Given records:
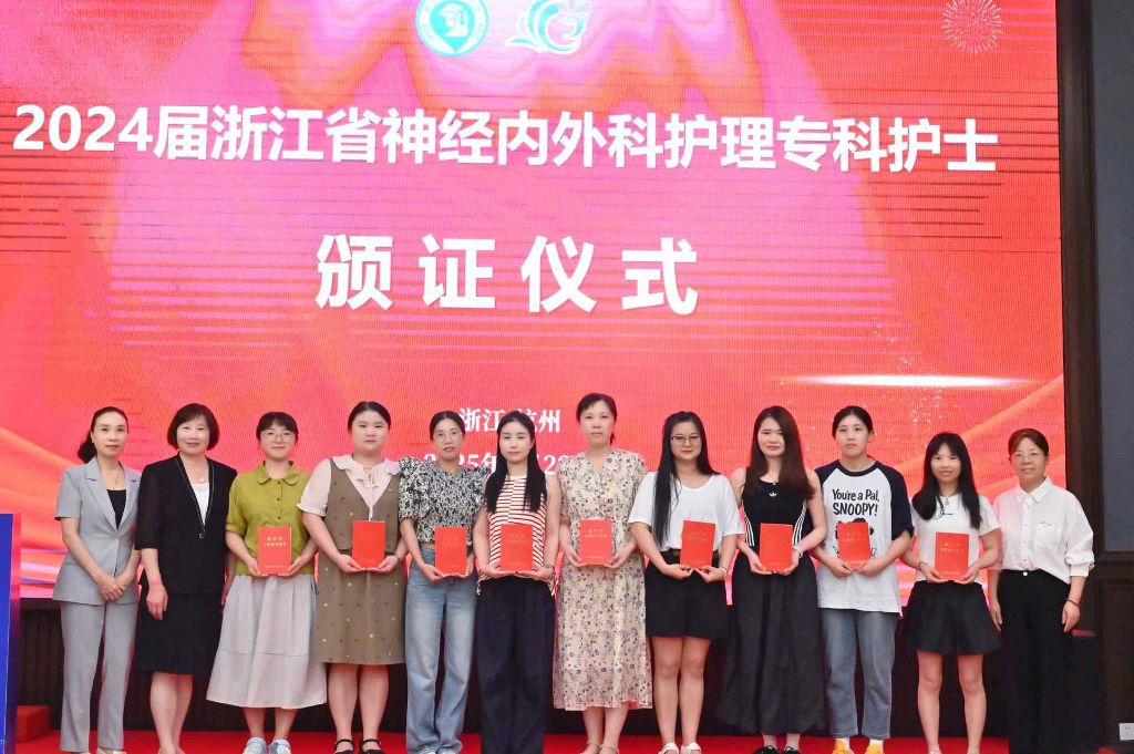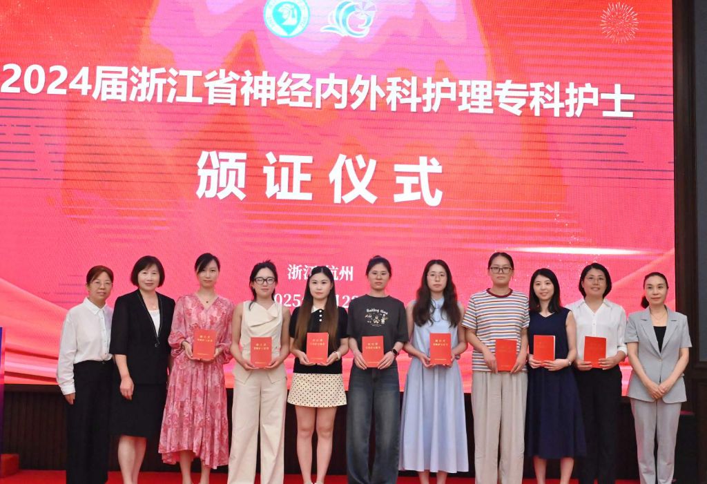 由浙江省卫健委主办的浙江省神经内外护理专科护士培训自2021年至今,已累计培养280名专科护士,为浙江省乃至全国的神经内外科护理事业输送了大量专业人才。2024届共有68名学员顺利结业,他们来自省内外66家单位,其中省外学员10名,分别来自新疆、内蒙古、贵州、湖北、广西、福建、江西等多个省份。这份证书不仅是对大家专业能力和不懈付出的充分肯定,更是一份沉甸甸的使命与期许。
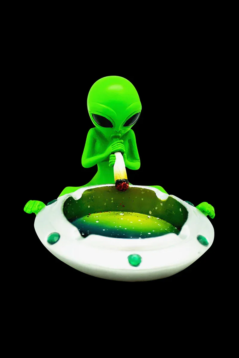 Now you can share your smoke seshes with your very own green alien stoner. This out-of-the-ordinary ashtray made of durable, heat-resistant polyresin material features an alien smoking a red-tipped joint that's dropping embers into space. Imagine the look on your friends' faces when they see this ashtray on your table at your next get-together! This awesome ashtray has built-in cigarette rests and a nice roomy ash bowl that's shaped like a flying saucer. At 4-inches wide by 3-inches tall , this is a compact ashtray that won't bogart much space on your table. It's super cool and an ashtray everyone will be more than happy to use to keep your smoke seshes neat and tidy.
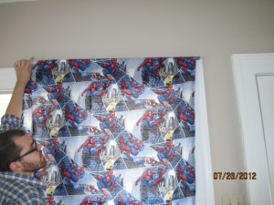 Now my brother is getting a curtain for the door and a valance for his window. And I will be getting a Spider Man skirt, perhaps. Or tote. I’ll still have quite a bit left over.
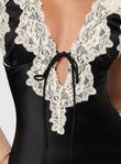 This is a black satin midi dress featuring a deep V - neckline adorned with white lace detailing. There's a small tie at the neck that adds a delicate touch. The dress has a form - fitting silhouette that accentuates the figure. The woman wearing the dress pairs it with black pointed - toe mules and gold bangles, creating an elegant and sophisticated look suitable for evening events like dinner parties or cocktail gatherings.
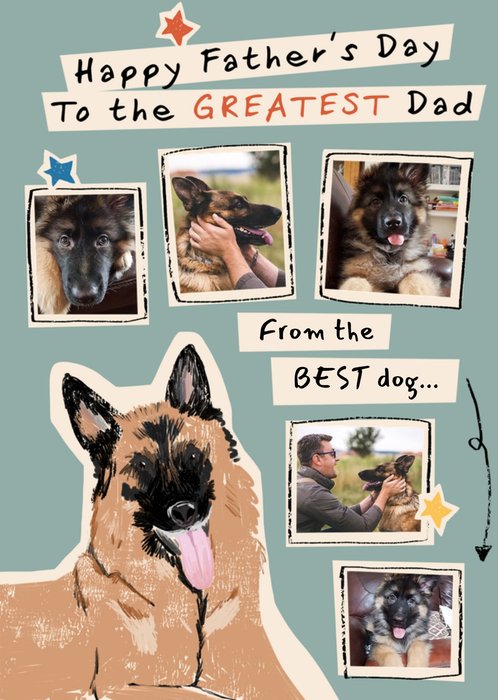Text reads "Happy father's day to the greatest dad from the best dog...".
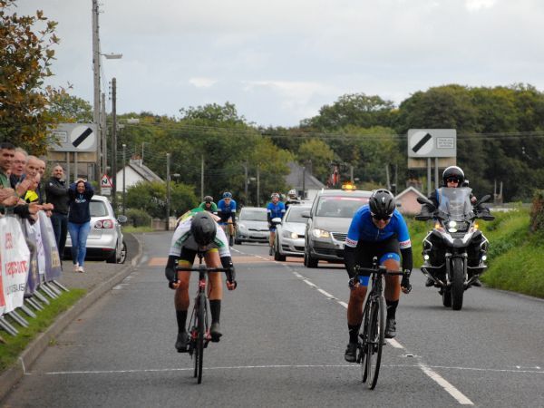 In the Ladies Race, an early break by Katharine Smyth (BRC), Aine Donegan (Scott Orwell) and Eileen Burns (BRC) stayed away for the day. Burns lost contact with the other two on the climb up Glencloy, whilst the other two fought out the sprint, with Smyth taking the win.
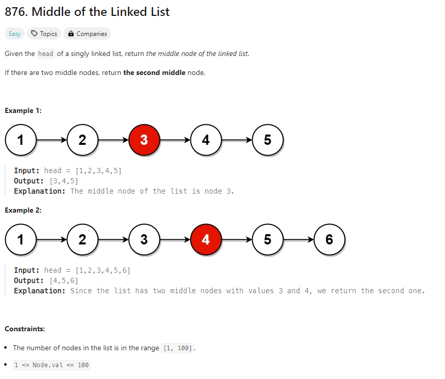 만약 fast pointer가 linked list의 끝에 도달하거나 끝보다 더 뒤에 있는 식으로 도달한다면, slow pointer는 자동으로 중간에 위치할 것이다(속도가 딱 반이므로, fast가 끝에 도달하면 slow는 그 반절인 중간에 있을 것).
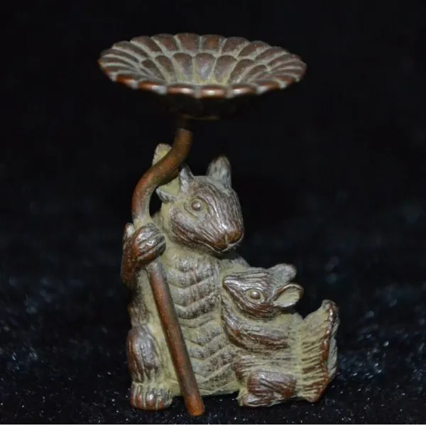 소장품 오래 된 구리 부처님 중국 동물 어머니 마우스 & 아들 마우스 로터스 동상 아래, 1개, 단일

Assignment: From the line containing "Now my brother" to the end of the data above, give those lines again verbatim, with both endpoints included and no images.

Exercise result:
 Now my brother is getting a curtain for the door and a valance for his window. And I will be getting a Spider Man skirt, perhaps. Or tote. I’ll still have quite a bit left over.
 This is a black satin midi dress featuring a deep V - neckline adorned with white lace detailing. There's a small tie at the neck that adds a delicate touch. The dress has a form - fitting silhouette that accentuates the figure. The woman wearing the dress pairs it with black pointed - toe mules and gold bangles, creating an elegant and sophisticated look suitable for evening events like dinner parties or cocktail gatherings.
Text reads "Happy father's day to the greatest dad from the best dog...".
 In the Ladies Race, an early break by Katharine Smyth (BRC), Aine Donegan (Scott Orwell) and Eileen Burns (BRC) stayed away for the day. Burns lost contact with the other two on the climb up Glencloy, whilst the other two fought out the sprint, with Smyth taking the win.
 만약 fast pointer가 linked list의 끝에 도달하거나 끝보다 더 뒤에 있는 식으로 도달한다면, slow pointer는 자동으로 중간에 위치할 것이다(속도가 딱 반이므로, fast가 끝에 도달하면 slow는 그 반절인 중간에 있을 것).
 소장품 오래 된 구리 부처님 중국 동물 어머니 마우스 & 아들 마우스 로터스 동상 아래, 1개, 단일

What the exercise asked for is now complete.